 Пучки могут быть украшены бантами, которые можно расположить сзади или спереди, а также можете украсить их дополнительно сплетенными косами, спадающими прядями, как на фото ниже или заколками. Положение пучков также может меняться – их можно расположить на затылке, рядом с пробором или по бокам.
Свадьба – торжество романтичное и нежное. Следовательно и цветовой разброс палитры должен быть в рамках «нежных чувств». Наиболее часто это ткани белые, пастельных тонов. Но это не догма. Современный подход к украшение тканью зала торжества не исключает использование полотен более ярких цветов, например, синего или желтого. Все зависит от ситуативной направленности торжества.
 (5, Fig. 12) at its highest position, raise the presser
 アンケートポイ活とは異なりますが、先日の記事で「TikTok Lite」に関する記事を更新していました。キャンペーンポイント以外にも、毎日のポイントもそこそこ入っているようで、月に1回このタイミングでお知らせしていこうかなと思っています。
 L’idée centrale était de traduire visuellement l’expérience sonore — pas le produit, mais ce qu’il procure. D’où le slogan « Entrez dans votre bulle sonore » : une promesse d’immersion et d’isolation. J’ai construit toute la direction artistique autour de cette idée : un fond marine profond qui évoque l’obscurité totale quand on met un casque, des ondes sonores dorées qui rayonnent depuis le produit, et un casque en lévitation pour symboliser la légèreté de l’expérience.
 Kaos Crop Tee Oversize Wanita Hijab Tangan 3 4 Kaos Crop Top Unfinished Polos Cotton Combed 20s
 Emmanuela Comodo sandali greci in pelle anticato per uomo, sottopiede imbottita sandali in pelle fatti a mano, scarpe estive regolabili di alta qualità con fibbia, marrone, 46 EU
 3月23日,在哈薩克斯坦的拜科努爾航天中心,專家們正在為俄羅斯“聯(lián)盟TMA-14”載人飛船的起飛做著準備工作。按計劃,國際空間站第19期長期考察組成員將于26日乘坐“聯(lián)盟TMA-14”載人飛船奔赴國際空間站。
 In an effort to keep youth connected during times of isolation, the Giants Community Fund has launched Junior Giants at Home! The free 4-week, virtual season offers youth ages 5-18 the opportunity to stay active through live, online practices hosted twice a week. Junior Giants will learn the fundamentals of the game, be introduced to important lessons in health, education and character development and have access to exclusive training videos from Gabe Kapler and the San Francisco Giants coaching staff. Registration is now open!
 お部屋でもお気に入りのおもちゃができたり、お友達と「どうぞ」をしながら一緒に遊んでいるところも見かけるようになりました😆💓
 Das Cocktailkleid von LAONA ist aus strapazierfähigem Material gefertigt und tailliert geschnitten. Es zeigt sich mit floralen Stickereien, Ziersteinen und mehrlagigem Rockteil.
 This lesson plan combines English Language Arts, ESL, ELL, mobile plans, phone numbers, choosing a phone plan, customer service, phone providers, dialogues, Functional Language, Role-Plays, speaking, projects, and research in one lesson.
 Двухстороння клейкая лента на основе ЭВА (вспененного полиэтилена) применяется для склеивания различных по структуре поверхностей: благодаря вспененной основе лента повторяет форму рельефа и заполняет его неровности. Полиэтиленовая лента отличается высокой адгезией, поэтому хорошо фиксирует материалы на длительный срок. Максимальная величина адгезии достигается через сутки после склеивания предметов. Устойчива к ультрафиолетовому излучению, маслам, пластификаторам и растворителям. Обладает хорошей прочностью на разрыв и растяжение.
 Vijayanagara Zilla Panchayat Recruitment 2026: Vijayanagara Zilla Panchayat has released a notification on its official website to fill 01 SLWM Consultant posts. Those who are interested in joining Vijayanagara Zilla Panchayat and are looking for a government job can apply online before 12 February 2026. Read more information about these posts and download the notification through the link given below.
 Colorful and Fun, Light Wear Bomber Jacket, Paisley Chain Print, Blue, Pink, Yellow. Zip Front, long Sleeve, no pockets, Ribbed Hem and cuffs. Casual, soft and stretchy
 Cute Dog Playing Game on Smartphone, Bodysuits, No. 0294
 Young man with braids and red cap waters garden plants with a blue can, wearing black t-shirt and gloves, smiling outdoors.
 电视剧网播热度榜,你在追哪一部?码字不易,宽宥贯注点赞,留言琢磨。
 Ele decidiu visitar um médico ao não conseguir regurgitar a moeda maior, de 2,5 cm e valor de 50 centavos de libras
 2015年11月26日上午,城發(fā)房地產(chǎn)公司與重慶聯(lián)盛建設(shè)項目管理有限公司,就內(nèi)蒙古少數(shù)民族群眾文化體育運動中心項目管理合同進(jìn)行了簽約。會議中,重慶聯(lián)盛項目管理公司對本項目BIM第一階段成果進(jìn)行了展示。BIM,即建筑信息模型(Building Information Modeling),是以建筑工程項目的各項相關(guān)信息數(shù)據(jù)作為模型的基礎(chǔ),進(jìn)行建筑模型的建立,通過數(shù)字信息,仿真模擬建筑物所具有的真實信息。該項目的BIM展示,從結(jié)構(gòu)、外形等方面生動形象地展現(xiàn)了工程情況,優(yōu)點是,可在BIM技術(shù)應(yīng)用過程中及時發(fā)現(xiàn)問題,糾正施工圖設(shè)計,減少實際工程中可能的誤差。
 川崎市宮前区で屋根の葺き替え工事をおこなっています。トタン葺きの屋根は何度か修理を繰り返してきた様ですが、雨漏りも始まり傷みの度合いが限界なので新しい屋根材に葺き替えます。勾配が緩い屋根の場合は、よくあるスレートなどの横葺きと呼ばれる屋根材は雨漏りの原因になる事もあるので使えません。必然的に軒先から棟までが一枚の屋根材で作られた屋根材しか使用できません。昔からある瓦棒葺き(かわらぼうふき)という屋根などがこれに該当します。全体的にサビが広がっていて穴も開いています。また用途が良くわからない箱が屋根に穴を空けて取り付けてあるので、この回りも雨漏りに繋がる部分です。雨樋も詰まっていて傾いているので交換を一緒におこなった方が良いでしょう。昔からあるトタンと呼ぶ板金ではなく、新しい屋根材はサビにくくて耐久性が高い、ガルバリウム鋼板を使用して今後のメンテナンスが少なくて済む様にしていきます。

══════

» EXERCISE REQUIREMENTS
When the line with "(5, Fig. 12)" is reached in the data above, start copying there, and copy each line exactly until the line with "アンケートポイ活とは異なりま" has been copied; copy nothing else.

» RESPONSE BOX
 (5, Fig. 12) at its highest position, raise the presser
 アンケートポイ活とは異なりますが、先日の記事で「TikTok Lite」に関する記事を更新していました。キャンペーンポイント以外にも、毎日のポイントもそこそこ入っているようで、月に1回このタイミングでお知らせしていこうかなと思っています。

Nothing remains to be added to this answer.